_To do_
Going through the material below, output exactly the lines from the one containing "Partagez votre gratitude" through the one containing "Diane Von Furstenburg", and no pictures.
### Input ###
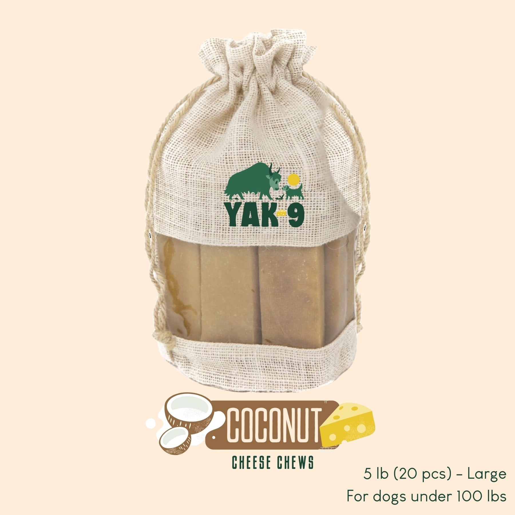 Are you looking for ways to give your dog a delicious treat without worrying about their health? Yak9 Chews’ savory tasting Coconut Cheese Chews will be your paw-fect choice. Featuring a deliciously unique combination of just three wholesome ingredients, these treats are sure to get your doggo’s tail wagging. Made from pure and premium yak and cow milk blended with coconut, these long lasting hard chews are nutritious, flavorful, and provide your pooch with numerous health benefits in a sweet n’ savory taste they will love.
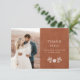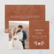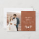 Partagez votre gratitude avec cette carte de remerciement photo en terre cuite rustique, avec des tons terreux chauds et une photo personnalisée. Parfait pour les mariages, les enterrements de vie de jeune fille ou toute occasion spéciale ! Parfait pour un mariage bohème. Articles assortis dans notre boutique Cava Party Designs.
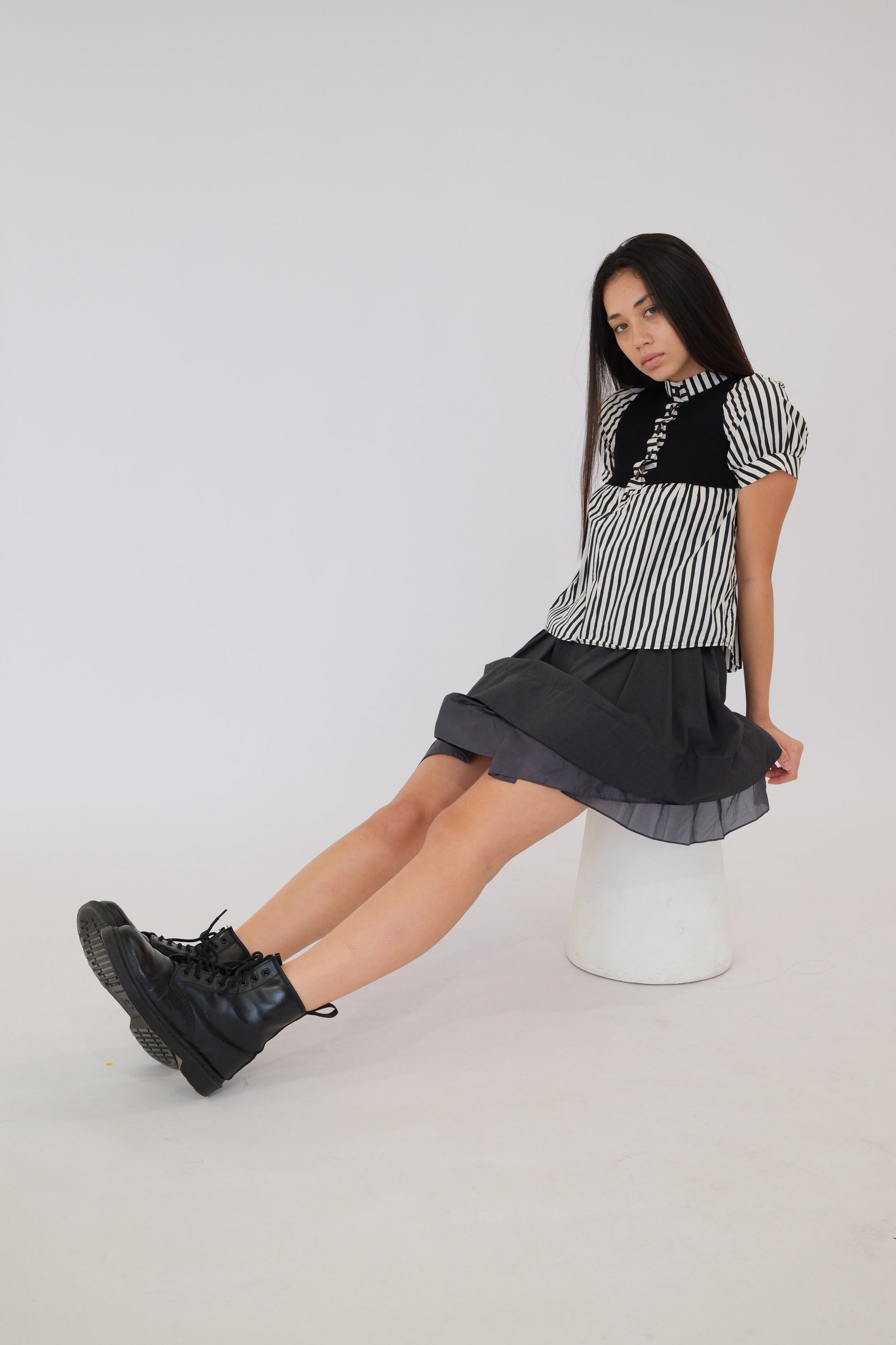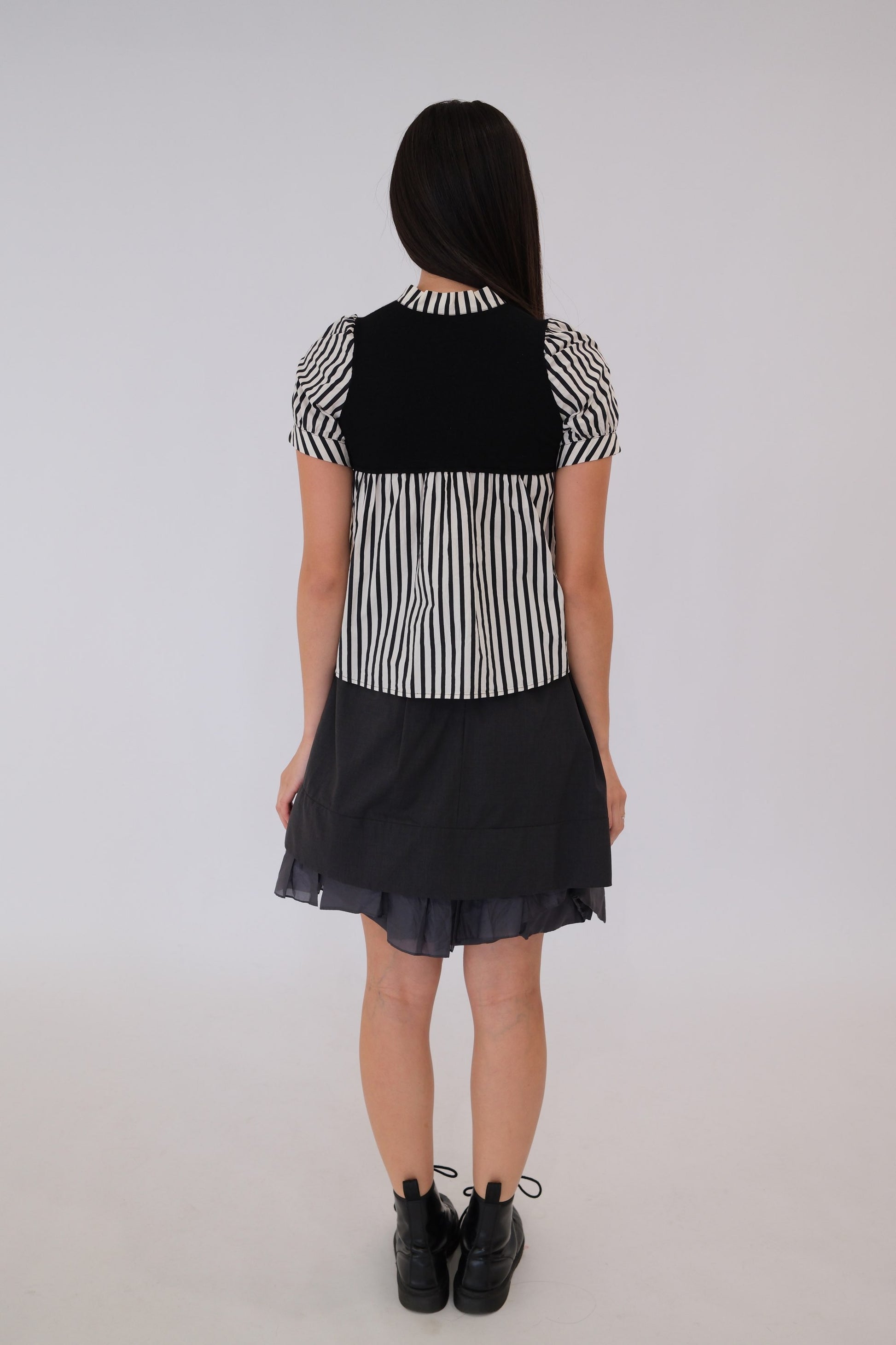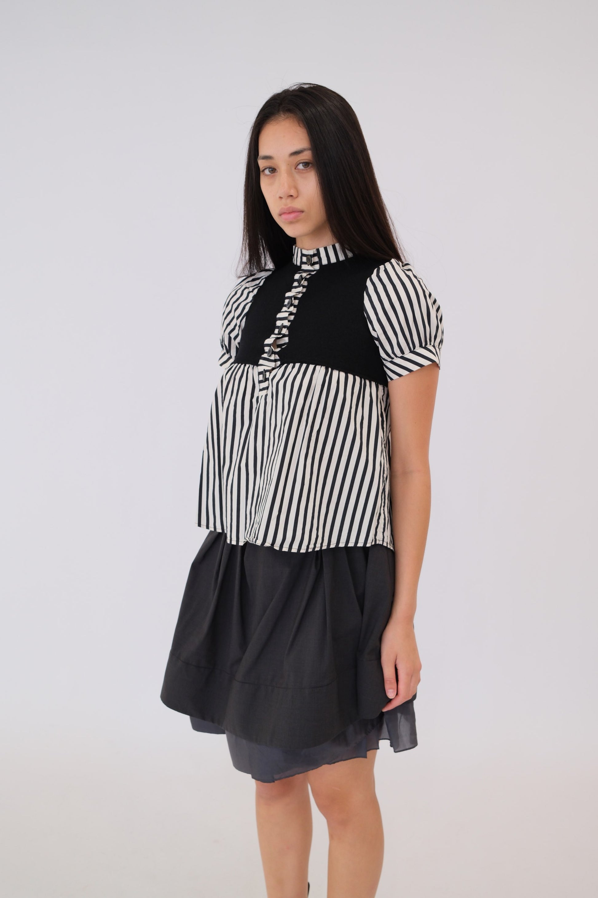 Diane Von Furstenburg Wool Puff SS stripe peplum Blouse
###
### Input ###
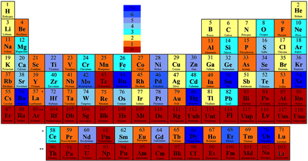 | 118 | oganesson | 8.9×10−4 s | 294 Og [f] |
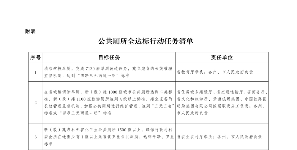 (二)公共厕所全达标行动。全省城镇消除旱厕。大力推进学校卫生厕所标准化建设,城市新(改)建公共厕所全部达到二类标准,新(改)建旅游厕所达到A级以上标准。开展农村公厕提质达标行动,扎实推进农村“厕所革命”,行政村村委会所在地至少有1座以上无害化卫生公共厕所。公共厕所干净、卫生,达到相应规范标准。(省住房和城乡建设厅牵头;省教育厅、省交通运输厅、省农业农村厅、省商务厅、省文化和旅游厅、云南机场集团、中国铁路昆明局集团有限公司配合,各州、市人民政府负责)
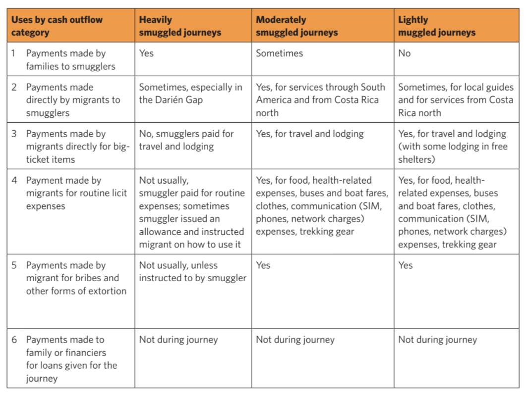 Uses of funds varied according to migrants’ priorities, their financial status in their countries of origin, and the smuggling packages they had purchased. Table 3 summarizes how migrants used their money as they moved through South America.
###
_Task output_
 Partagez votre gratitude avec cette carte de remerciement photo en terre cuite rustique, avec des tons terreux chauds et une photo personnalisée. Parfait pour les mariages, les enterrements de vie de jeune fille ou toute occasion spéciale ! Parfait pour un mariage bohème. Articles assortis dans notre boutique Cava Party Designs.
 Diane Von Furstenburg Wool Puff SS stripe peplum Blouse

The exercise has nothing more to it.